DATA TO PROCESS ->
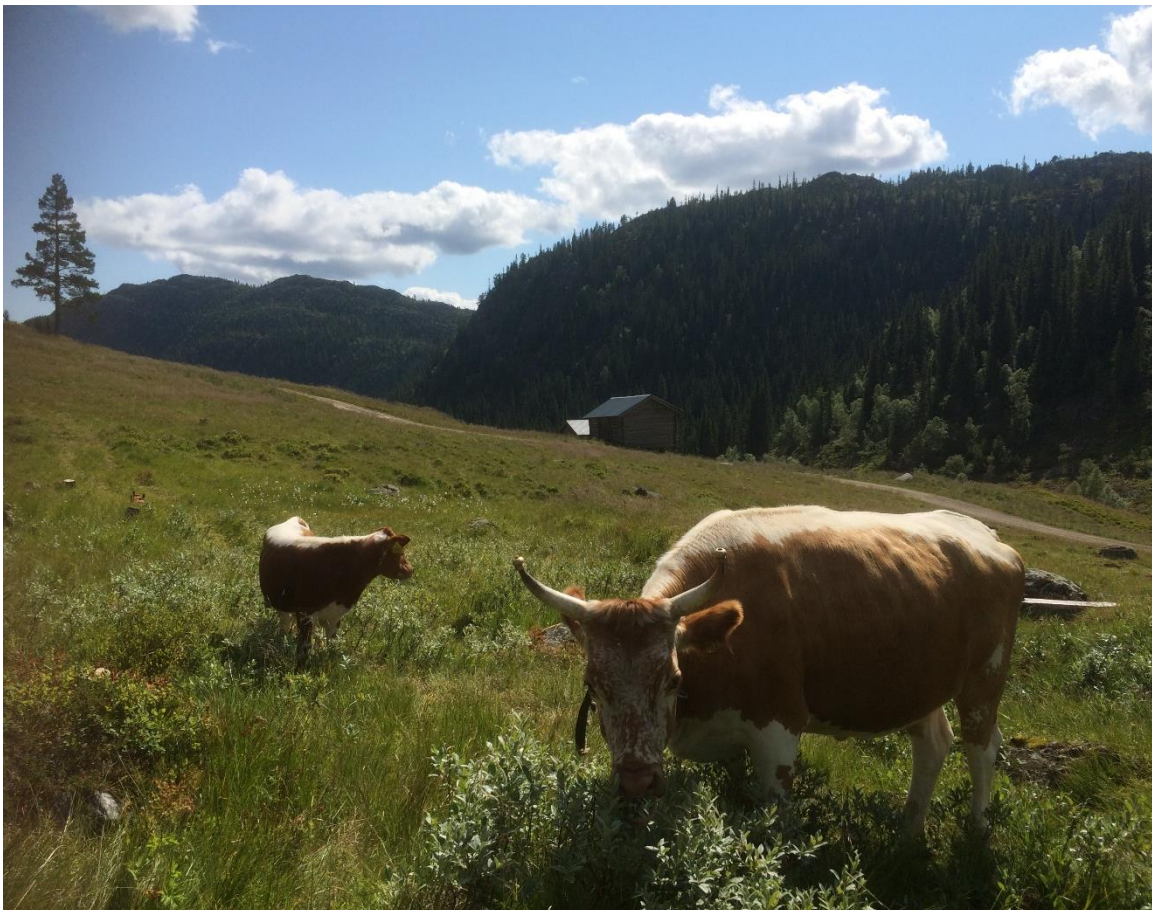
Figur 1: Telemarksfe på beite i Storstaul, Svartdal.
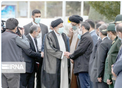
کلنگ‌زنی پنج‌هزار واحد طرح نهضت ملی مسکن ماهدشت

وزیر بهداشت در نشست شورای اداری فریدیس وزیر بهداشت یادآور شد: شهرستان فریدیس در کشور نمایانگر یک بی‌عدالتی
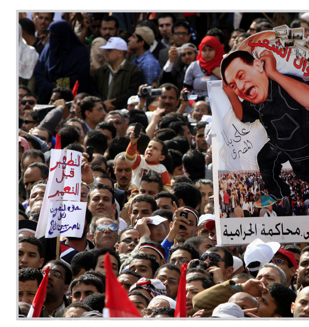
عاجل ناخرنا في محاكمة الجرامية

وقال المجلس الأعلى للقوات المسلحة إن الانتخابات التشريعية ستجرى في سبتمبر أيلول بينما ستجرى انتخابات الرئاسة قبل نهاية العام وأنه إلى ذلك الوقت سيظل يدير شؤون البلاد. وأحرق متظاهرون علم إسرائيل وهتف متظاهر عبر مكبر للصوت ع القدس رايعين شهداء بالملايين" ورد مئات المتظاهرين وراءه. وفي مدينة الإسكندرية الساحلية خرج عشرات الآلاف من النشطاء إلى الشوارع بعد صلاة الجمعة مطالبين بالإسراع بمحاكمة مبارك وكبار مساعديه. ورد متظاهرون هتافا يقول "يا طنطاوي خذ شرارك يا (أو) تتحكم زي مبارك و"شهد شهداء يا تاريخ هنجيبهم من شرم الشيخ" في إشارة إلى مبارك وأفراد أسرته. واستغل نشطاء وجود الحشود في توزيع بيانات تدعو للعضوية في أحزاب تتأسس حاليا.
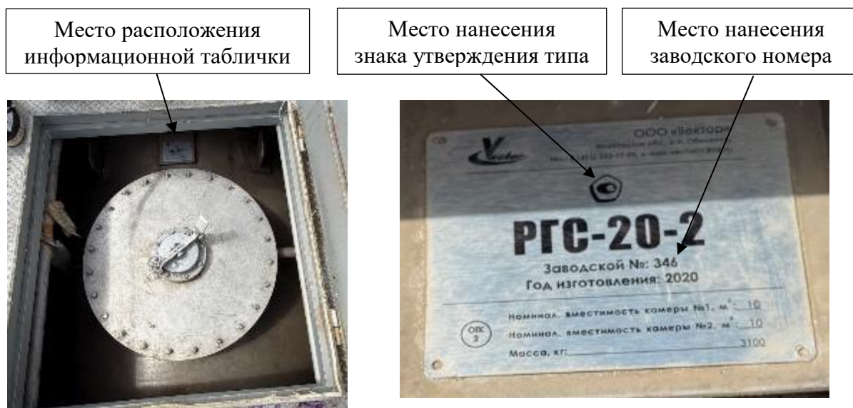
Рисунок 2 – Общий вид горловины резервуара, обозначение места нанесения заводского номера на информационную табличку
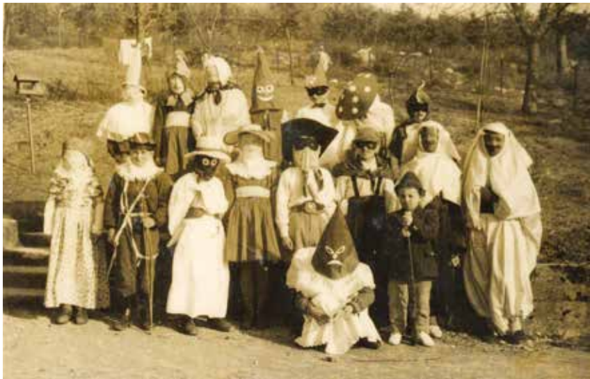
Šeme, pustni torek na jezerski šoli, 1. marec 1960, hrani Lojzka Stražišar.

k Svetemu Vidu. Kaplan je šel kar v šolo vprašat, kdaj bo konec pouka. Učiteljica mu je povedala, potem je šel doli v cerkev, mi smo prišli za njim. V Starem trgu smo prejeli svete zakramente.
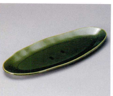
37712-461 オリベ16.0小判盛皿 13,900円 (49.5×20×3cm)
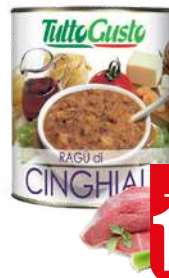
TUTTOGUSTO RAGU DI CINGHIALE 800 gr
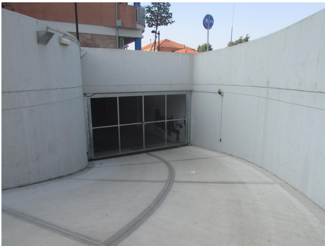
Ingresso comune garages
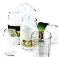
Pots et bocaux

Les emballages en verre se recyclent à l'infini
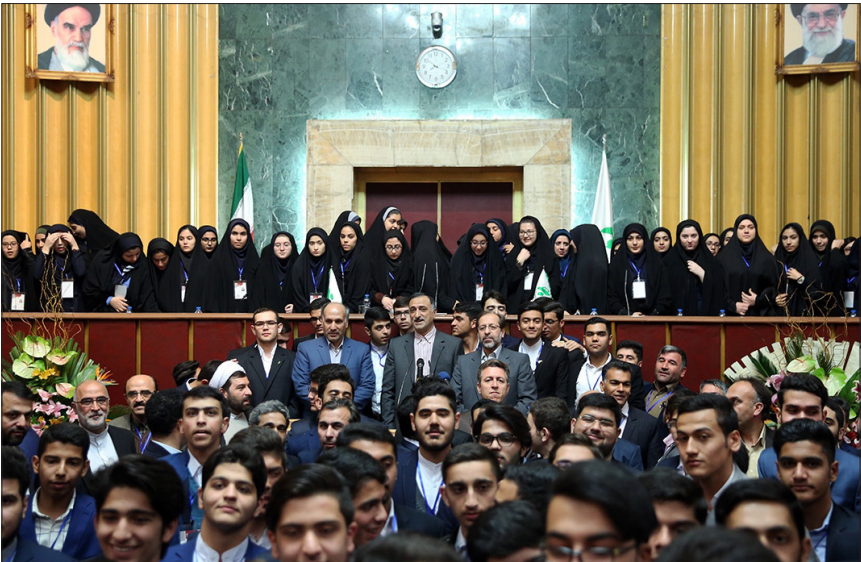
هشتمین دوره مجلس دانش آموزی

عنوان داشت: باید از خودشان بپرسید که چه پاسی دریافت کرده‌اند که داوطلب شدند اما از سوی شورای نگهبان هیچگونه پاس و خبری ارسال نشده و اعلام نظر شورای نگهبان در مهلت بررسی صلاحیت‌ها اعلام خواهد شد.
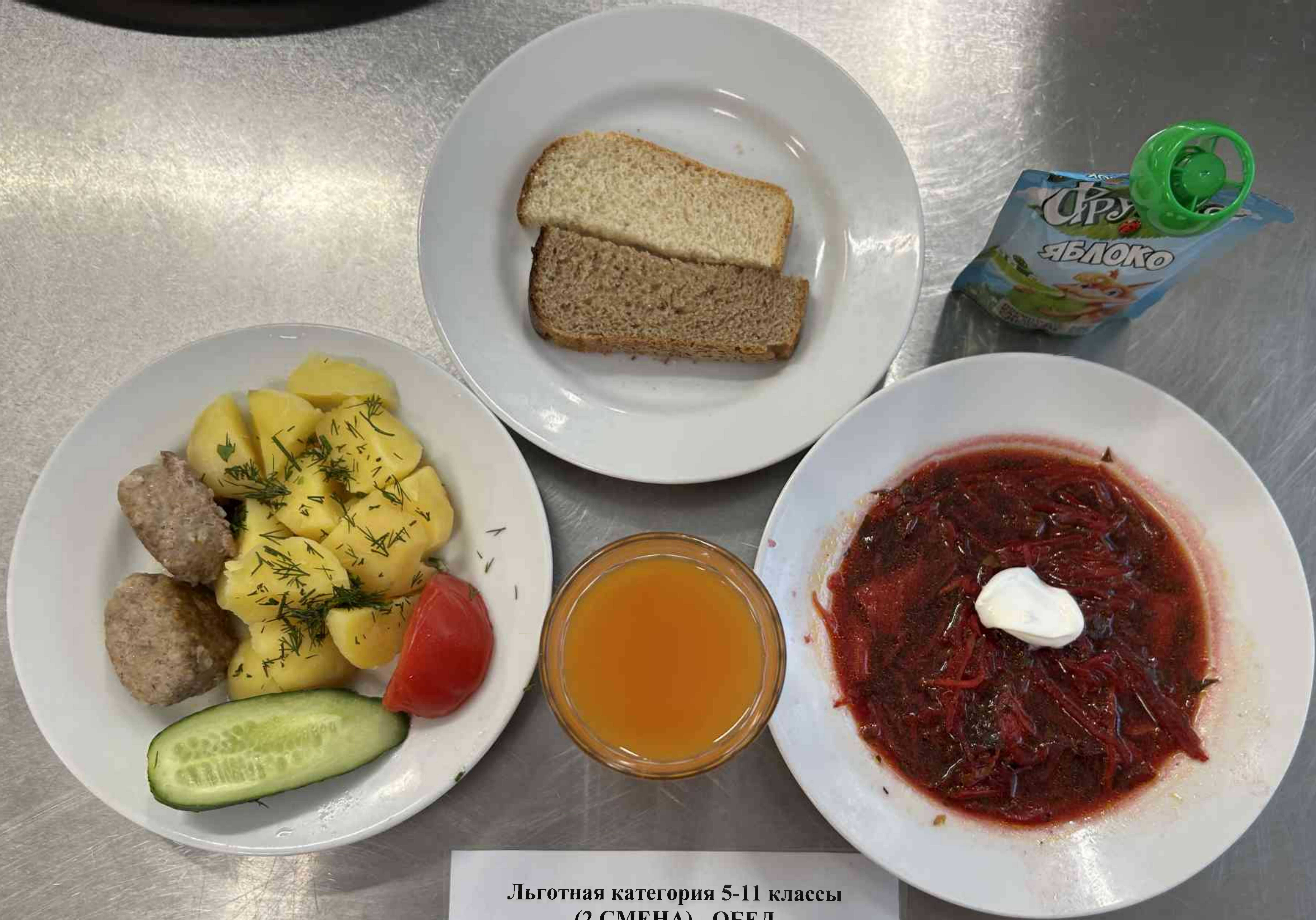
Льготная категория 5-11 классы (2 СМЕНА) - ОБЕД
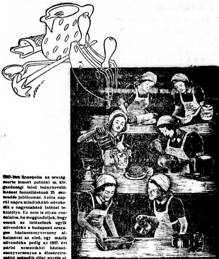
1937-ben ünnepelte az ország-szerető ismert putnoki m. kir. gazdasági felső leánynevelő-intézet fennállásának 25. évforduló-jubiläumát. Azóta napról napra mindinkább növekedik a nagyszabású intézet tekintélye. Ez nem is olyan csodálatos, ha meggondoljuk, hogy ennek az intézetnek egyik növendéke a budapesti országos háziasszonyverseny alkalmával az első, egy másik növendéke pedig az 1937. évi párizsi nemzetközi háziasszonyversenyen a díszéremmel jutalmazott második díjat nyerte el.

A nagy kutató és tudós életének lenyűgöző hatású regénye. A velencei nagydíjjal kitüntetett Tobis me-termé. Legújabb Magyar Világhíradó! És kizárólagos joggal csak nálunk METRO VILÁGHIRADÓ! Előadások kezdete: 5, 7 és 9.
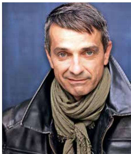
Igor Korošec / Foto: arhiv SNG Kranj

Na svojih srečanjih, ki potekajo dvakrat mesečno v KD Kokrica, trenutno razvijamo kar nekaj različnih scenarijev za filme (o Udin borštu, komično nanizanko ter komični resničnostni šov, ki bo povezoval mlade in starejše v naši skupnosti). Premiere filmov predvidevamo za letošnjo jesen. Poleg tega pa pripravljamo tudi dva gledališka abonmaja: otroškega in odraslega. Oba naj bi se odvijala v Kulturnem domu na Kokrici. Predstave otroškega abonmaja bodo predvidoma vsako prvo soboto v mesecu (začenši septembra 2023 in vse do junija 2024). Našo prvo sezono bo vseboval deset predstav, ki bodo tako domače kot gostujoče.
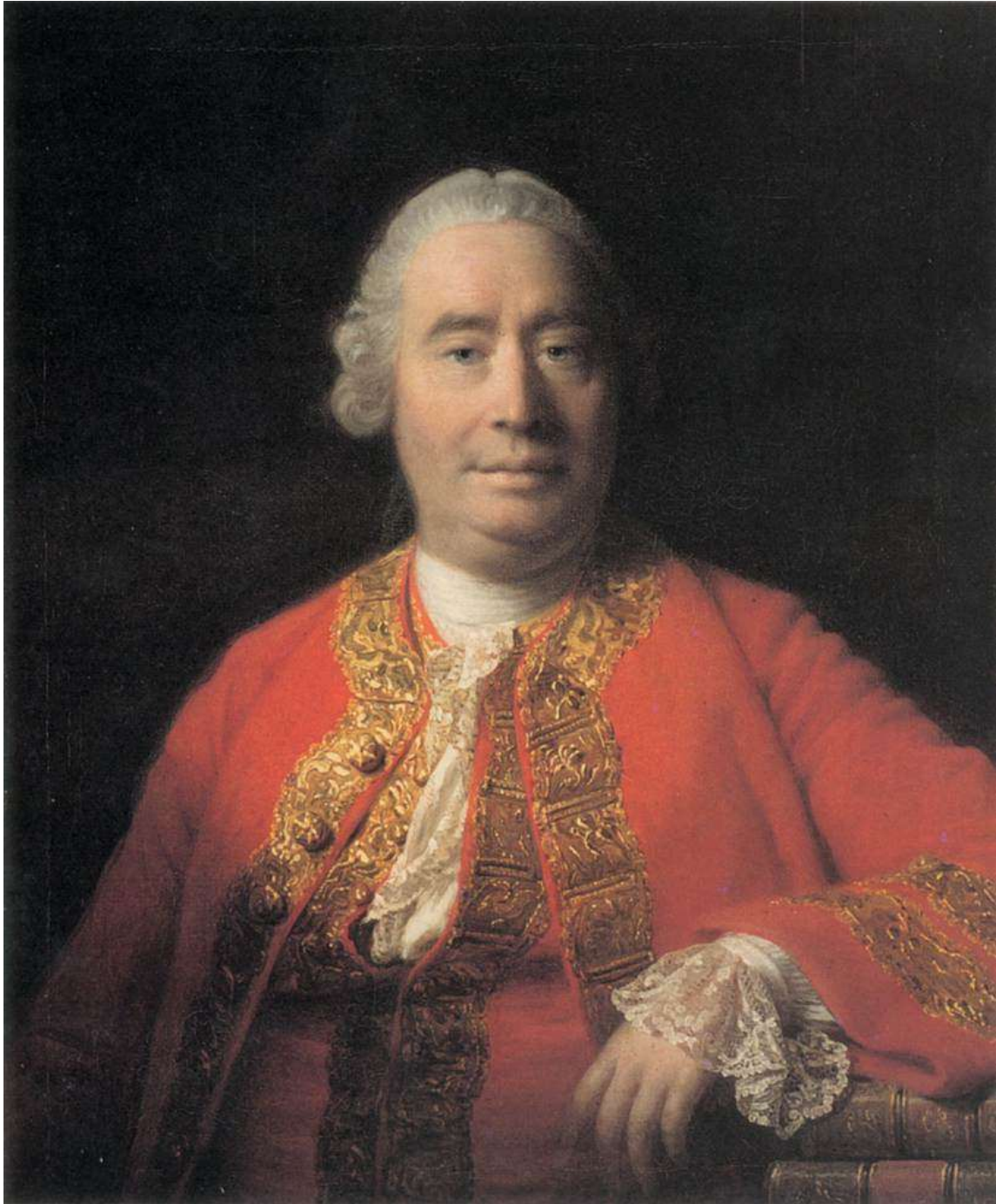
DAVID HUME (1711-1776)
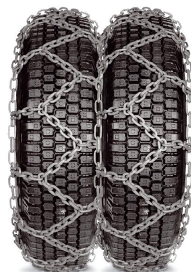
Модел SS-NK + 8 Модел SS/SS-NK + 8

WHAT YOU HAVE TO DO -> Working from the records above, set down word for word everything from the line containing "Šeme, pustni torek" down to the line containing "هشتمین دوره مجلس دانش آموزی", ends included, minus the pictures.

WRITTEN RESPONSE ->
Šeme, pustni torek na jezerski šoli, 1. marec 1960, hrani Lojzka Stražišar.

k Svetemu Vidu. Kaplan je šel kar v šolo vprašat, kdaj bo konec pouka. Učiteljica mu je povedala, potem je šel doli v cerkev, mi smo prišli za njim. V Starem trgu smo prejeli svete zakramente.
37712-461 オリベ16.0小判盛皿 13,900円 (49.5×20×3cm)
TUTTOGUSTO RAGU DI CINGHIALE 800 gr
Ingresso comune garages
Pots et bocaux

Les emballages en verre se recyclent à l'infini
هشتمین دوره مجلس دانش آموزی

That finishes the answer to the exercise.